Yes, I am, but I need to get back to it. I have about a hundred pages of a prequel to Klara’s Truth that I wrote as a beginning to the original story of Klara’s Truth. It takes place in the Yucatán Peninsula where Klara is helping to co-lead an archaeological dig. A Mayan woman, Rosario, who ultimately befriends her, inquires as to why Klara’s so interested in everyone else’s culture and history, and why doesn’t she know more about her own family’s history. As an archaeologist, other people’s history is her business, but for her, much of her desire to learn more about ancient cultures stems from her need to belong. Holding millennial-old artifacts M in her hand, she feels like she is connecting to civilization as a whole, albeit in a conceptual way. When she subsequently receives the letter from her mother which will dramatically change her life forever, she is faced with the very real prospect of finding out more about her own family of origin.
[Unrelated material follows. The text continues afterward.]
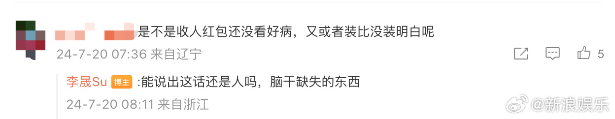 中国娱乐网讯 www.yule.com.cn 7月20日,据相关媒体报道称,有网友错把女演员李晟认成是去世的医生李晟,并且跑到她微博评论区留言表示:“是不是收人红包还没看好病,又或者是装比没装明白呢?”面对这样的留言李晟也表示很气愤,她怒怼这名网友,表示:“能说出这话还是人吗,脑干缺失的东西。”

Where can readers find you?
My website is Susanweissbachfriedman.com which includes blog posts. It will also be listing upcoming events. A few events I can share are one at Harvard Book Store in Cambridge, Mass., on the evening of Wednesday, June 12th, a day after my pub date. I’m very lucky to have author Jenna Blum interviewing me at that event about my book. It also looks like I will have another book event the following week at Barnes & Noble book store in Brooklyn on Atlantic Avenue. In addition, I’m planning to have events in Westchester County in June, including in Chappaqua and Pleasantville. I would invite my readers to please check my website. I’m on Instagram under SusanWeissbachFriedman, on Facebook as Susan Weissbach Friedman, and now on Tiktok as AuthorSusanWFriedman.
Thank you, Susan! Klara’s Truth is out now.
Klara’s Truth
It is May 2014, and Dr. Klara Lieberman–forty-nine, single, professor of archaeology at a small liberal arts college in Maine, a contained person living a contained life–has just received a letter from her estranged mother, Bessie, that will dramatically change her life. Her father, she learns–the man who has been absent from her life for the last forty-three years, and about whom she has long been desperate for information–is dead. Has been for many years, in fact, which Bessie clearly knew. But now the Polish government is giving financial reparations for land it stole from its Jewish citizens during WWII, and Bessie wants the money. Klara has little interest in the money–but she does want answers about her father. She flies to Warsaw, determined to learn more.
In Poland, Klara begins to piece together her father’s, and her own, story. She also connects with extended family, begins a romantic relationship, and discovers her calling: repairing the hundreds of forgotten, and mostly destroyed, pre-War Jewish cemeteries in Poland. Along the way, she becomes a more integrated, embodied, and interpersonally connected individual–one with the tools to make peace with her past and, for the first time in her life, build purposefully toward a bigger future.
Author bio:
Susan Weissbach Friedman is a psychotherapist with a specialty in women’s issues, family therapy, and trauma-focused therapy. A graduate of Hamilton College, Boston University’s MSW/MPH program, and the Ackerman Institute for Couples and Families, she has also completed EMDR and Somatic Experiencing (SE) training in trauma therapy techniques and has been in a practicing clinician for more than twenty-five years. Klara’s Truth is her first novel. Susan has been married to her husband for thirty years and has two daughters in their twenties. Originally from Long Island, she now lives in Westchester County, New York, where she enjoys practicing yoga and mindfulness, going for walks in nature, listening to music, and spending time near the ocean.